The newspaper "Bild am Sonntag" (BamS) quoted Schäuble as saying that Germany would have to "shoulder" a greater load for defense in the next few years because of crises and instability worldwide.

"I have suggested that we increase spending on development aid moderately. And, we will have to expend more in the coming years on defense and internal security," said Schäuble, who last year staked his reputation on balancing the federal budget, without new borrowings - for the first time since 1969.

"The world has unfortunately become more unstable," he said on Sunday.

Ursula von der Leyen in Afghanistan
Defect equipment has marred von der Leyen's termImage: MACDOUGALL/AFP/Getty Images

Schäuble said his intended boosts could only apply from 2017, despite recent reports about equipment defects that embarrassed Germany's Bundeswehr armed forces and extra funds sought by his defense counterpart Ursula von der Leyen.

"Short-term, meaning for the coming year, we can achieve little with higher defense expenditure, however, because industry cannot deliver on big defense projects so quickly," the German finance minister told BamS.

He was referring to preliminary "cornerstone" talks currently taking place in Berlin on next year's overall national budget.
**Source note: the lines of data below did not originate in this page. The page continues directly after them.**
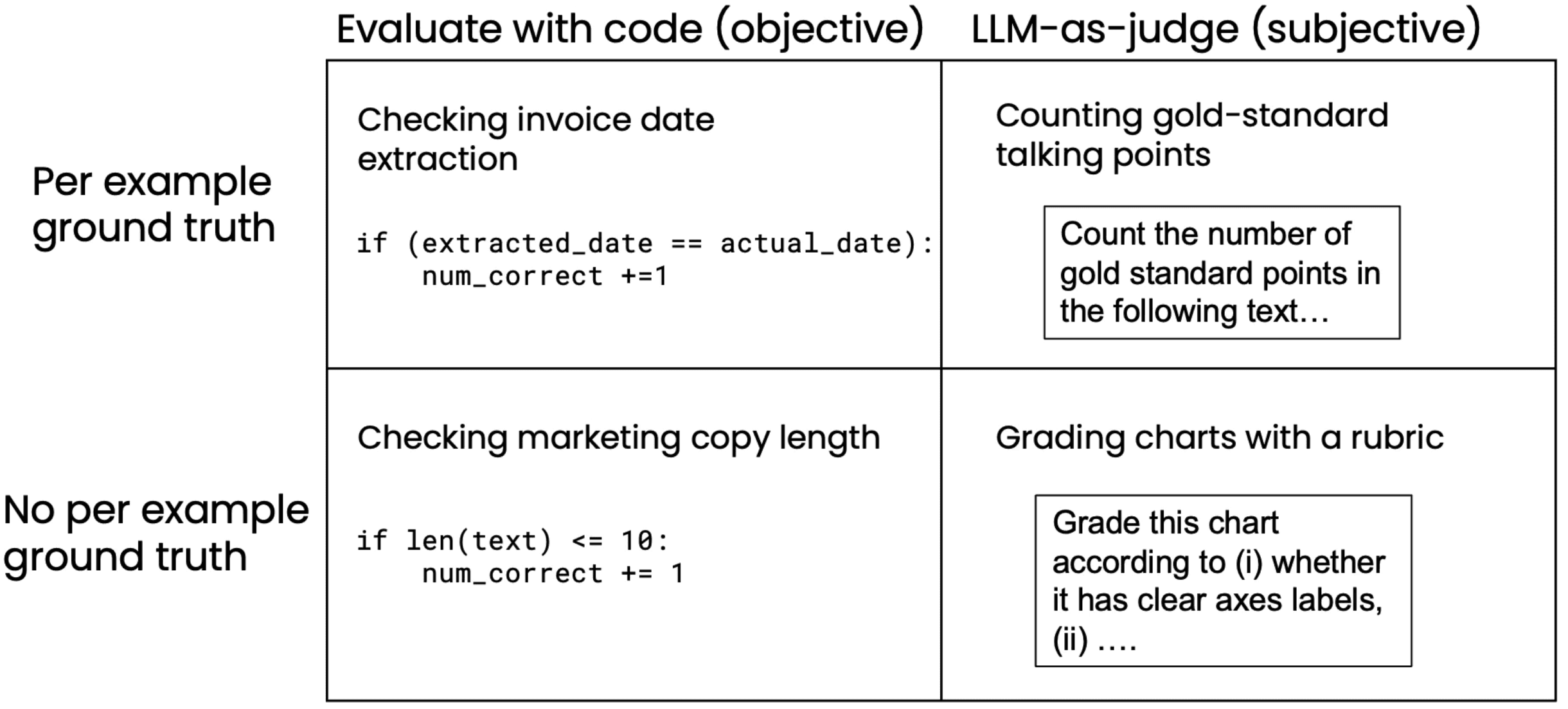 - 主观评估:使用AI模型基于预定标准(rubric)进行评分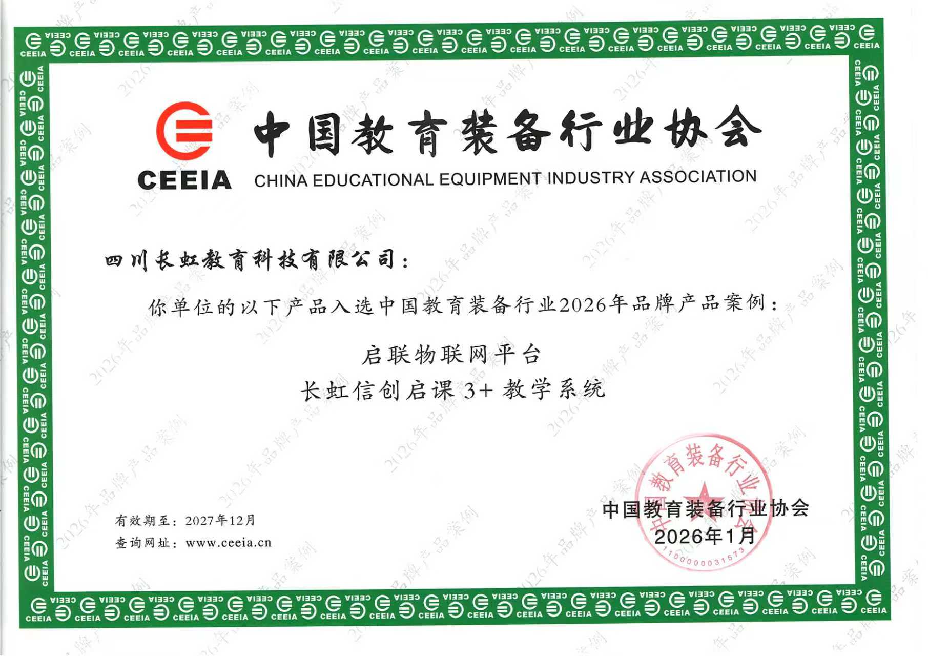 中國教育裝備行業協會2026年度品牌案例名單重磅揭曉,長虹教育兩大核心產品 ——“啟聯物聯網平臺” 和“長虹信創啟課3 +教學系統” 歷經多輪嚴苛篩選,從百余家企業、百余款產品中突圍入選,成為行業公認的標桿之作。這一殊榮,既是對長虹教育在教育科技創新領域硬核實力的高度印證,更是行業對其產品技術領先性、應用實效性與市場影響力的權威背書。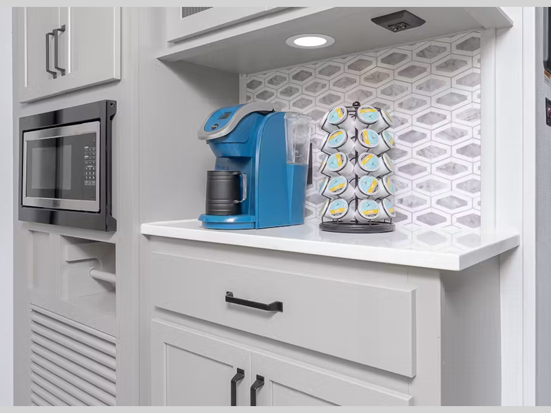 - Queen size bed w/ built-in pet kennel storage (select models)

Last year, federal expenditure totalled 295,5 billion euros ($330,7 billion)

NATO vows turnaround

Last September, NATO leaders vowed to "reverse the trend of declining defense budgets."

Germany, however, reduced its defense spending by about 800 million euros to 32.44 billion euros ($36.31 billion) - far below NATO's recommended level of 2 percent of GDP.

GDP share under 2 percent

Last month, a Britain-based think tank, the European Leadership Network, said the trend in many European NATO member countries in 2015 was still toward reduced military expenditures.
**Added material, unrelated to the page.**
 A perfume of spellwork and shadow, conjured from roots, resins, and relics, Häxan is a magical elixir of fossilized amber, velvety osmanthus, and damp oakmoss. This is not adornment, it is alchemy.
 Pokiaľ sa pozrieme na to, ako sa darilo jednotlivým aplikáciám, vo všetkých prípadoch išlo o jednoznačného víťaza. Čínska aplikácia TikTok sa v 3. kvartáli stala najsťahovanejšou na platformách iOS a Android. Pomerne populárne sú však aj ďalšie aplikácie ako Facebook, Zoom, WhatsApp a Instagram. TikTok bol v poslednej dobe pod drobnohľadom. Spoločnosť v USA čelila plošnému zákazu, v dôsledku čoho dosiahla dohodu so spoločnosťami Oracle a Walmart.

Only Estonia would reach a spending goal of 2 percent of Gross Domestic Product (GDP), the report said, referring to Estonian fears that Russia might reach beyond Ukraine toward former Baltic Soviet states.

"Despite Russian aggression in Ukraine and much rhetoric from NATO leaders that this has been a game-changer in European security, all the evidence suggests there is a continuation of business as usual," wrote Ian Kearns, the network's director and co-author of the report.

Germany's defense outlay had declined both in terms of spending and as a proportion of the country's overall economic output, said the network's report.

The string of reports in Germany included army instructors being stranded in Bulgaria when their plane broke down, uninhabitable barracks, and maritime helicopters being declared unsafe for water crossings.

Recent Afghanistan mission blamed

Germany's former chief of staff, Harald Kujat, told public Berlin-Brandenburg radio last September that the problem stemmed from the German military's involvement in large operations abroad, like recently concluded assignments in Afghanistan.

Equipment maintenance and replacement had not kept pace, he said.